The process of buying a house is an emotive one. You’re looking for a family home, somewhere you can settle down and enjoy for years to come. Many buyers want to feel wowed by a home, to get a feeling that they could live in the house, to be able to envision a future there.

That’s wonderful; there’s no denying that the emotional process of buying a house is not to be underestimated. However, it’s vital that you don’t let the emotions overlook what house ownership truly represents: your financial future.
This is not the most romantic way to think about house buying; it’s a matter of focusing on the cold, hard reality. Your house is not just somewhere to live; it’s likely to be the biggest financial investment you will ever make, and a source of funds in your retirement. That might seem like a long way off, but focusing on the future is the best way to make your present more secure.
So is it possible to deal with the emotional side of buying a house while balancing the financial realities? Yes-- and here are a few aspects you’re going to want to keep in mind to achieve this.

The Building Matters

We all constantly hear about how a house should be a home, how to make your house feel lived in, how to create the home you love-- but relatively little is said about the building itself. The shell, the core structure of a house; we’re all guilty of taking that for granted at times.

However, given the financial commitment that buying a house involves, the building structure is an aspect you can’t afford to overlook. It’s more important than the direction of morning sunlight or the potential to convert the attic, but we’re far more likely to look at these areas than we are the structure itself. One way to cover your bases is to consult the likes of Allcott Associates Chartered Surveyors before making a purchase. They can focus on ensuring the property is structurally sound, while you envision your family making the property a home.

Future-Proof Your Mortgage

Now is a good time to borrow if you’re looking into a new mortgage. Rates are low, and while there’s an interest rate hike on the horizon (probably), the rate is still going to be below 1%.

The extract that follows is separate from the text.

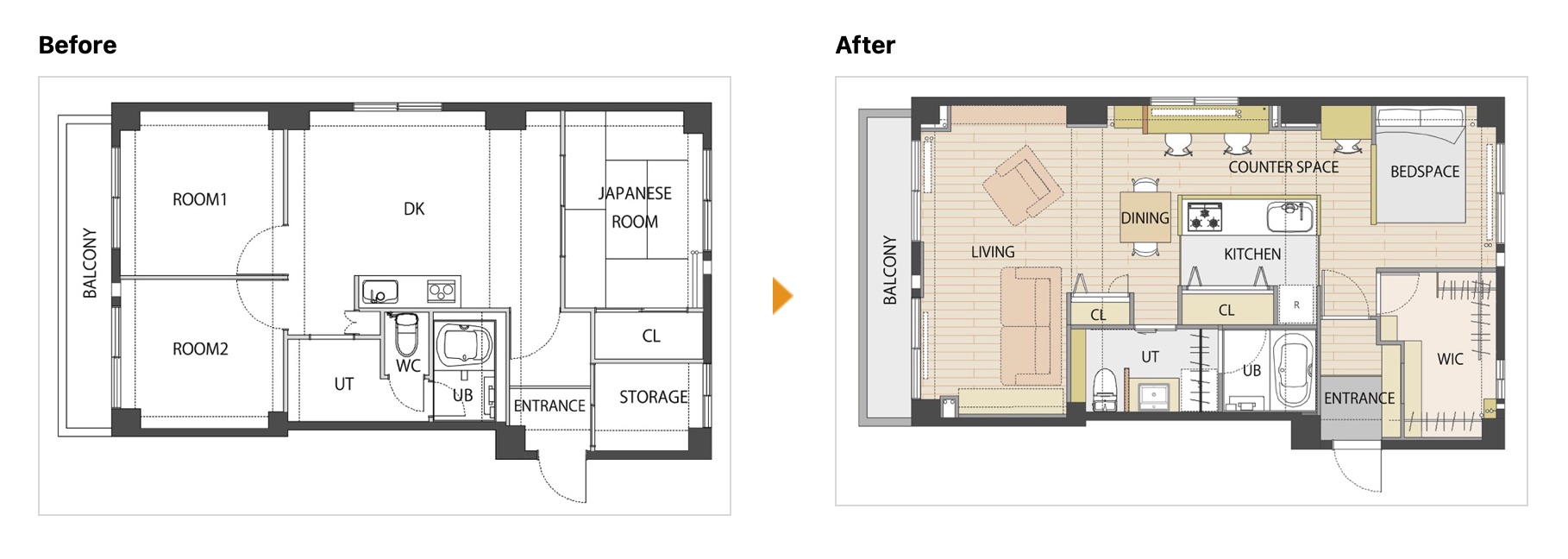 この哲学は、今回手がけた築47年の団地リノベーションの根幹を支えるものとなりました。“古さ”とされる要素も、排除するのではなくデザインの一部として迎え入れる。そうした発想は、ロンドンで培われた感性がそのまま投影されたものでした。

This cheap borrowing can lull home buyers into a false sense of security. If you calculate your expected monthly payments based on a continuation of historically-low interest rates, then you could be in for a nasty shock when the rates rise. Run the finances so you can be sure you can afford the monthly repayments in the event of interest rises; otherwise, you could find yourself in severe financial difficulty when you should be enjoying the security of owning your own home.

Enjoy The Moment

Buying a house -- whether it’s your first or your fifth -- is stressful, and there is a need to focus on the basics of the transaction and your plans for the future. Try and balance this necessity with your enjoyment of the buying process and you will be able to enjoy the best of both worlds.